Aim of the task: Repeat, word for word and with nothing added, each line from the one containing "Жидкость охлаждающая низкозамерзающая" to the final line of the data, keeping both ends. Pictures are not part of the copy.

Extracted records
+ + + + +

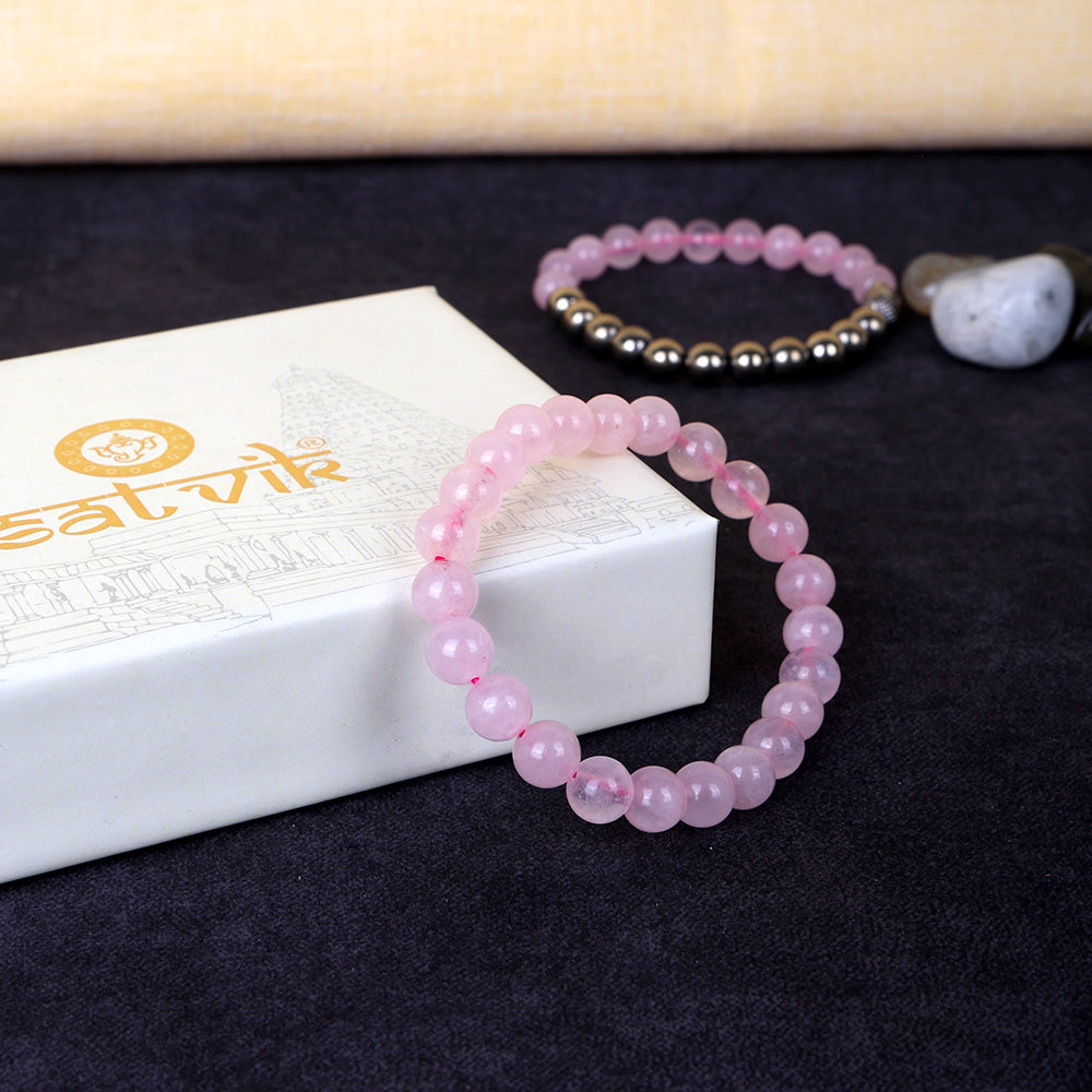 Buy Rose Quartz Round Bead Healing Stone Bracelet | Satvikstore.in – satvikstore.in
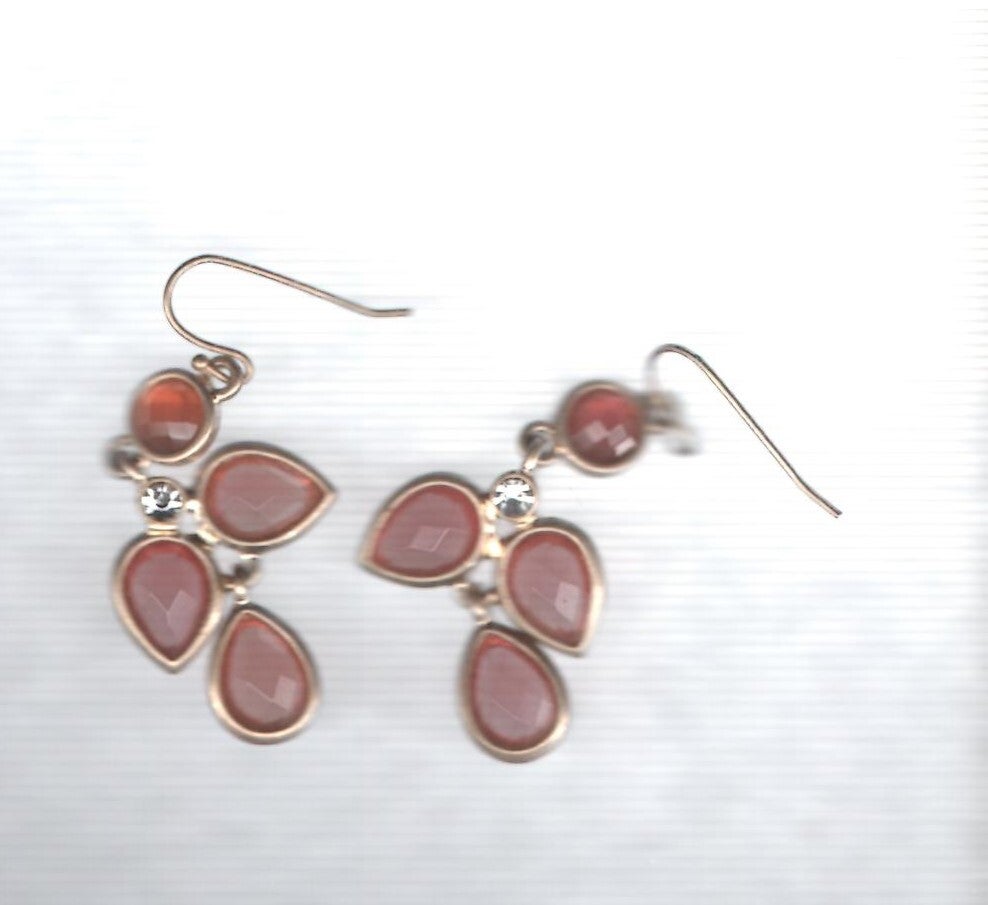 These are dangle earrings. They hang about 2 inches from the lobe. They are made of clear pink gem stones and they have gold trim.
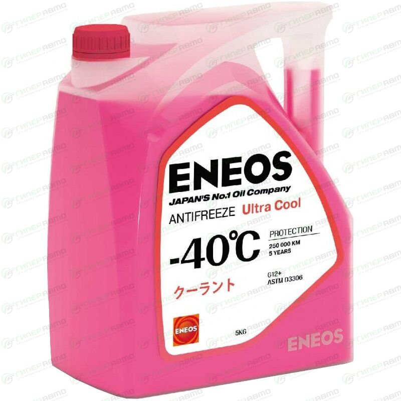 Жидкость охлаждающая низкозамерзающая ENEOS Antifreeze Ultra Cool приготовлена на основе высококачественного моноэтиленгликоля. Содержит современные ингибиторы коррозии на основе органических карбоновых кислот (OAT — Organic Acid Technology). Не содержит метанола, глицерина, силикатов, аминов, нитритов, боратов и фосфатов. Применяется в двигателях, изготовленных из чугуна, алюминия или комбинации этих металлов, а также в системах охлаждения, состоящих из алюминиевых и медных сплавов. Для регионов с умеренным климатом рекомендована марка ENEOS Antifreeze Ultra Cool -40 °C, для северных регионов с очень холодным климатом — марка ENEOS Antifreeze Ultra Cool -50 °C. Поддерживает увеличенный срок эксплуатации 5 лет (или 250 000 км пробега в легковых автомобилях). Соответствует требованиям к антифризам G12+ по классификации VAG (Volkswagen/Audi Group). Рекомендуется для современных двигателей, когда требуется улучшенная защита алюминия от высокотемпературной коррозии.
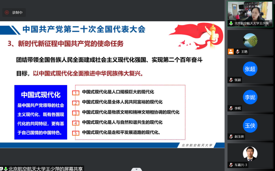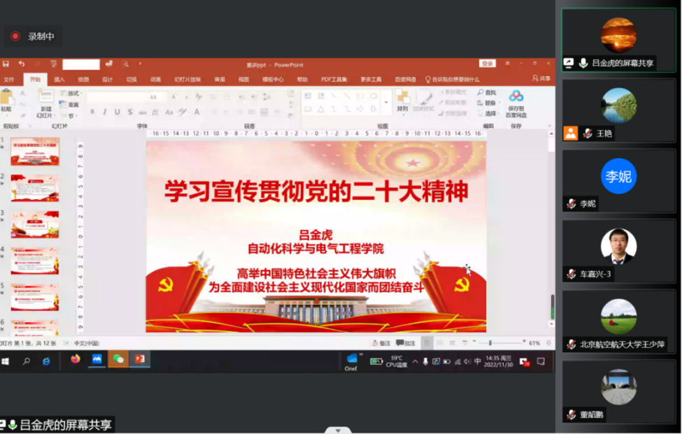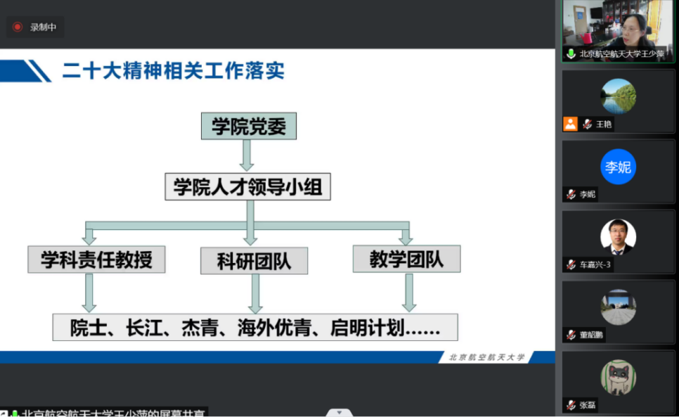 主要负责人给全体教师宣讲二十大精神,以实际行动带动广大干部师生的学习。本次学习采用线上腾讯会议方式开展。
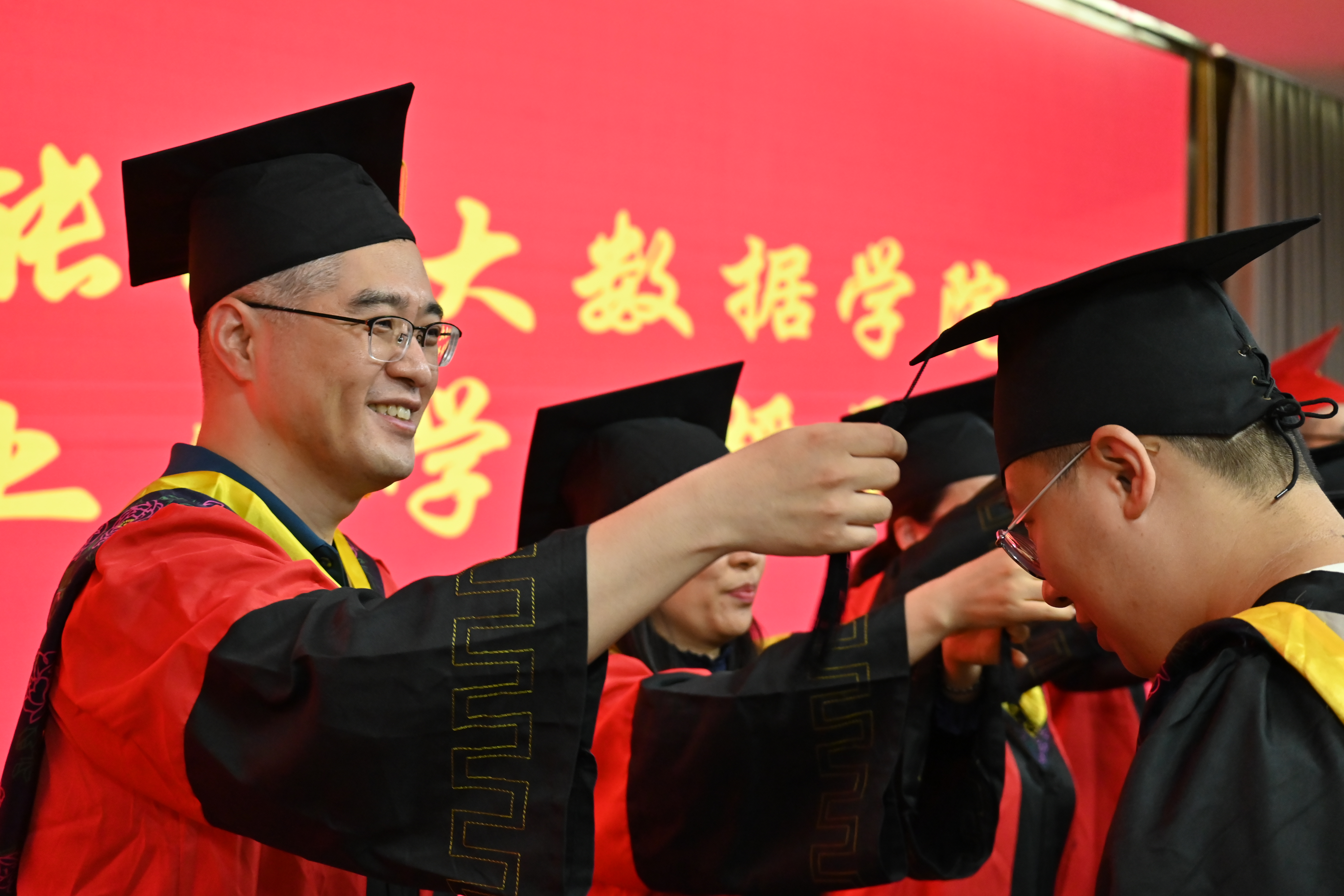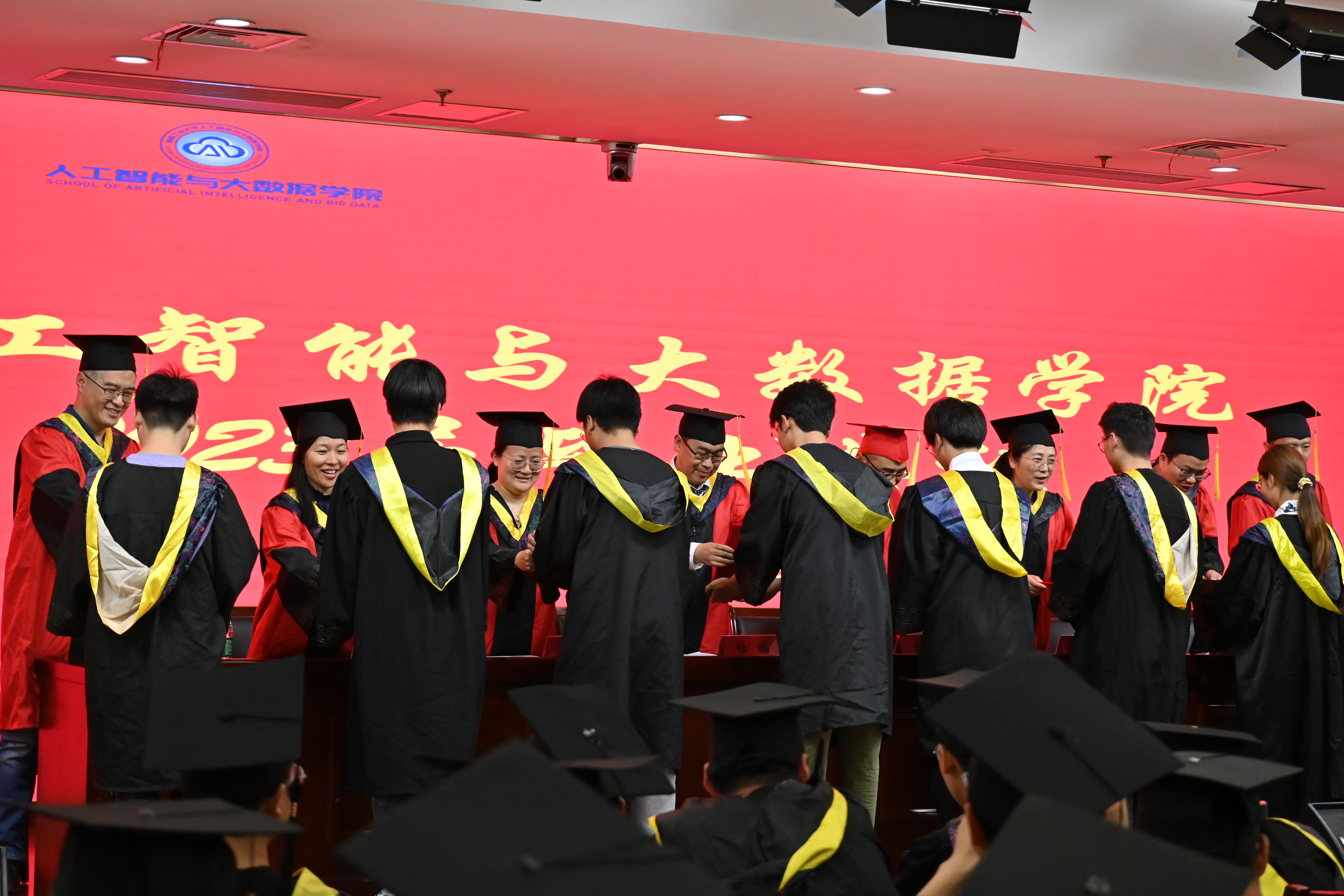 最后,在里番 校歌的激昂旋律中,学院领导老师为毕业生拨穗正冠,合影留念。

+ + + + +

Exercise solution:
 Жидкость охлаждающая низкозамерзающая ENEOS Antifreeze Ultra Cool приготовлена на основе высококачественного моноэтиленгликоля. Содержит современные ингибиторы коррозии на основе органических карбоновых кислот (OAT — Organic Acid Technology). Не содержит метанола, глицерина, силикатов, аминов, нитритов, боратов и фосфатов. Применяется в двигателях, изготовленных из чугуна, алюминия или комбинации этих металлов, а также в системах охлаждения, состоящих из алюминиевых и медных сплавов. Для регионов с умеренным климатом рекомендована марка ENEOS Antifreeze Ultra Cool -40 °C, для северных регионов с очень холодным климатом — марка ENEOS Antifreeze Ultra Cool -50 °C. Поддерживает увеличенный срок эксплуатации 5 лет (или 250 000 км пробега в легковых автомобилях). Соответствует требованиям к антифризам G12+ по классификации VAG (Volkswagen/Audi Group). Рекомендуется для современных двигателей, когда требуется улучшенная защита алюминия от высокотемпературной коррозии.
 主要负责人给全体教师宣讲二十大精神,以实际行动带动广大干部师生的学习。本次学习采用线上腾讯会议方式开展。
 最后,在里番 校歌的激昂旋律中,学院领导老师为毕业生拨穗正冠,合影留念。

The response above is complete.